蔭凉山済松寺は、徳川三代将軍家光公が、祖心尼のために建てた臨済宗の大禅院です。

家光公は、全面的な信頼を寄せていた祖心尼に対し、寺を寄進することを思い至りました。そして、自ら牛込の地にやってきて、馬上から鞭によって領地の範囲を示したと伝えられています。それにより、幕府祐筆の大橋龍慶屋敷跡を拝領し、完成したのが済松寺です。

家光は宗門と徳川家が共に栄えるようにとの願いから、臨済宗の祖・臨済禅師の済と徳川家の祖・松平の松をとって、正保3(1646年)年十二月、済松寺と名づけました。また大樹となって天下万民の蔭凉(涼しい木陰)たらんとの願いを込め山号を「蔭凉山」と名づけました。家光公は晩年に「自分の遺骸を日光に葬るとも、心は済松寺にある」と述べ、厚い信仰心を吐露されました。

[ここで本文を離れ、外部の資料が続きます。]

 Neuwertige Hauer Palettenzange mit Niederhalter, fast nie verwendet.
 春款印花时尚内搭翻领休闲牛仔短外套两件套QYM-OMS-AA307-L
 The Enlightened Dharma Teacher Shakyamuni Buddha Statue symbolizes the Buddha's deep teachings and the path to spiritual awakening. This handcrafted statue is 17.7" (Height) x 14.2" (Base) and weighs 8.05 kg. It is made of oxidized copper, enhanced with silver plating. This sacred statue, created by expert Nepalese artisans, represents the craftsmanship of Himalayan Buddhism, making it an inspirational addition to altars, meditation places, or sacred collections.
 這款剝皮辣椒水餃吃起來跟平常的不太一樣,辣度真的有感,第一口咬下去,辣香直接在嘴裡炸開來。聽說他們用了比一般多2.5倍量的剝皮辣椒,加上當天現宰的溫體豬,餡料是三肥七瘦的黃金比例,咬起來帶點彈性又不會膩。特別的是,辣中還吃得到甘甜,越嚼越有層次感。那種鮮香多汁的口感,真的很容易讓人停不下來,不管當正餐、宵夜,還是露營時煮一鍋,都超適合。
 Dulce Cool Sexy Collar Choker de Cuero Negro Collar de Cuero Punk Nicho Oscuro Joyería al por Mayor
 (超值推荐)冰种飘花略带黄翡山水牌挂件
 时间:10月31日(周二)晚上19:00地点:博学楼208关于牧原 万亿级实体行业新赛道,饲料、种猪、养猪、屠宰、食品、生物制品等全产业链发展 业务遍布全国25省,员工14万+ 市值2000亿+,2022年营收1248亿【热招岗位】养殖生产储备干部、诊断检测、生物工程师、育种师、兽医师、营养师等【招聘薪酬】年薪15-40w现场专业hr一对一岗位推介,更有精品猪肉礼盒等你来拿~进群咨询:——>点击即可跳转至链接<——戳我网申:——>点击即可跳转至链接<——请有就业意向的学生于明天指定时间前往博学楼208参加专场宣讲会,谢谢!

長い年月の間には、多くの苦難もありました。宝暦年間には大火事に類焼し、ほとんどすべてが灰となりましたが、九世大鼎和尚の働きで、幕府から一千両の寄進を受けて見事に再興。しかし、明治維新では廃仏毀釈の激しい運動により、寺は徹底的に破壊されつくしてしましました。長い荒廃から立ち直りかけたものの、昭和20年5月25日に空襲でまたもや炎上。幾度とない苦難の連続でしたが、法灯は消えることなく、再び諸堂が建立され、今また往時を彷彿とさせる境内のたたずまいとなっています。